2/21/10

We all forget things throughout our lives. Little things like items on a grocery list to bigger things like forgetting somebodys birthday or an appointment made. One thing as parents we do not (or at least try not) to forget is our children.

Most people could laugh and say "who could forget a child?". Last week my own daughter was forgotten.

Last Wednesday dh left the house at 2:45pm to collect our 5 year old daughter from her school bus stop. Not even two minutes after him leaving I get a phone call from the school. Our kid didn't make it on the school bus, was sitting in the office and one of us was to pick her up as soon as possible. I immediately asked how could this possibly happen, she's five? They told us she was "doddling"

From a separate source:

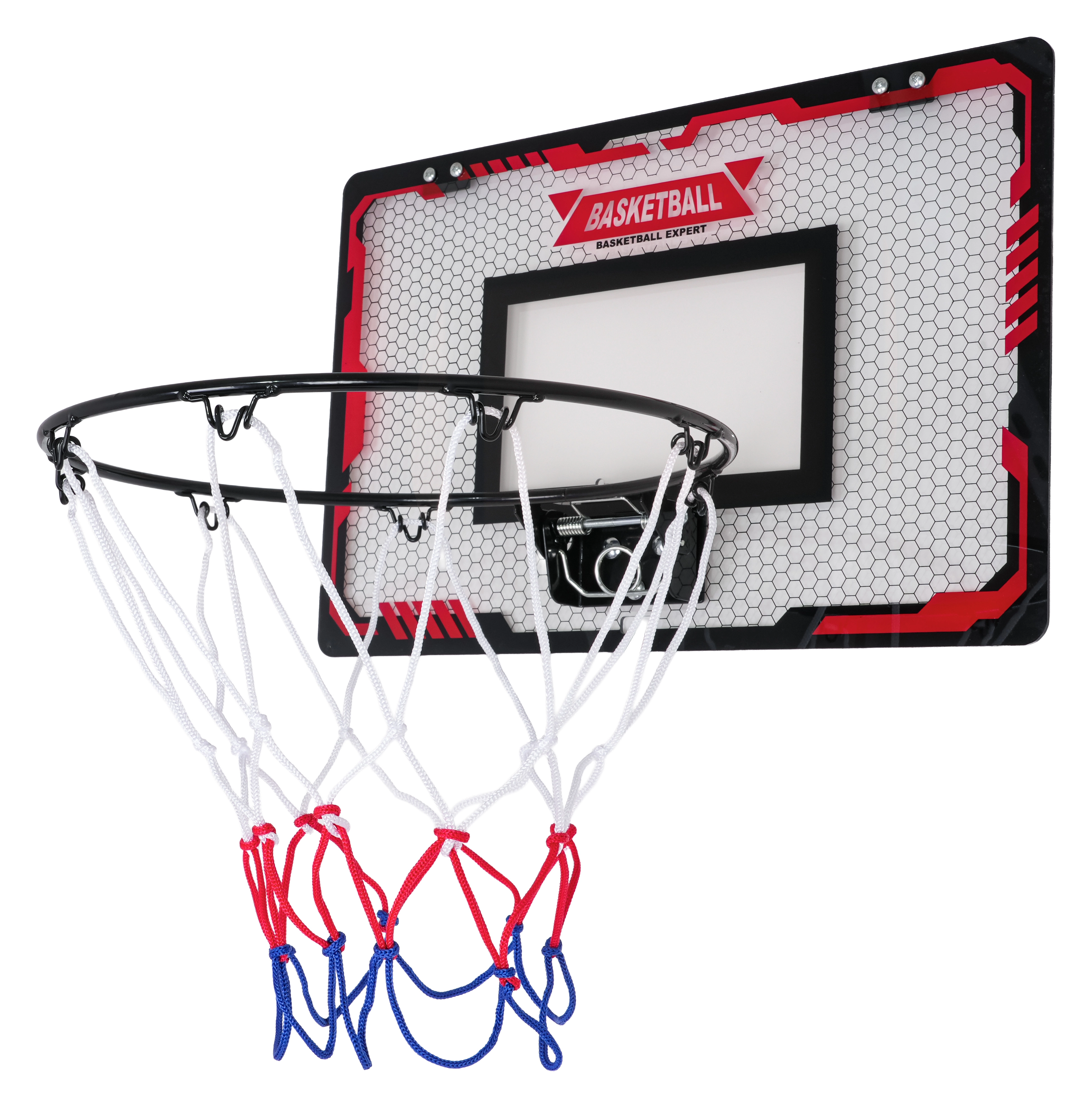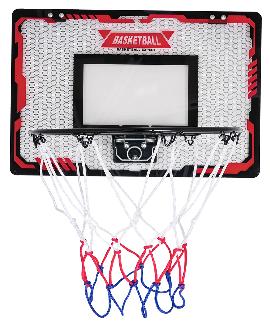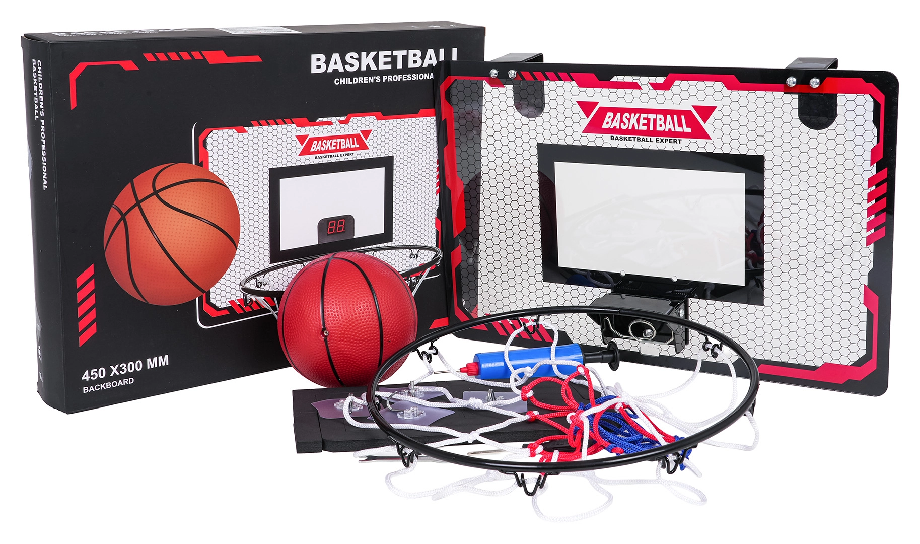 Sættet indeholder alt til øjeblikkelig leg: solid plasttavle, metalring med net, gummibold, pumpe med nål og komplet monteringssæt inkl. skruetrækker og nøgle. Ideelt til børneværelset, gangen eller legerummet – understøtter hånd–øje-koordination, præcision og konkurrence.

This was both alarming and aggravating because we do not have a vehicle and Canadian winters are mean cold. Either way dh took the bullet and collected our little girl from the school by foot.

Before leaving with our child however, dh asked them how missing the bus home is the responsibility of a five year old child who cannot tell time yet and not the responsibility of a 40 something educator who is supposedly the adult in the situation.

It angered me that she missed the bus but it really upset me that they put the entire blame on her.

After the entire ordeal calmed down and everybody was safe at home I simply asked our daughter what had happened that caused her to miss the bus.

She explained the teacher put her on time out. She continued, saying that after a few minutes everybody was ready and leaving for the bus but she didn't have time to get dressed and missed the bus, the secretary brought her to the office.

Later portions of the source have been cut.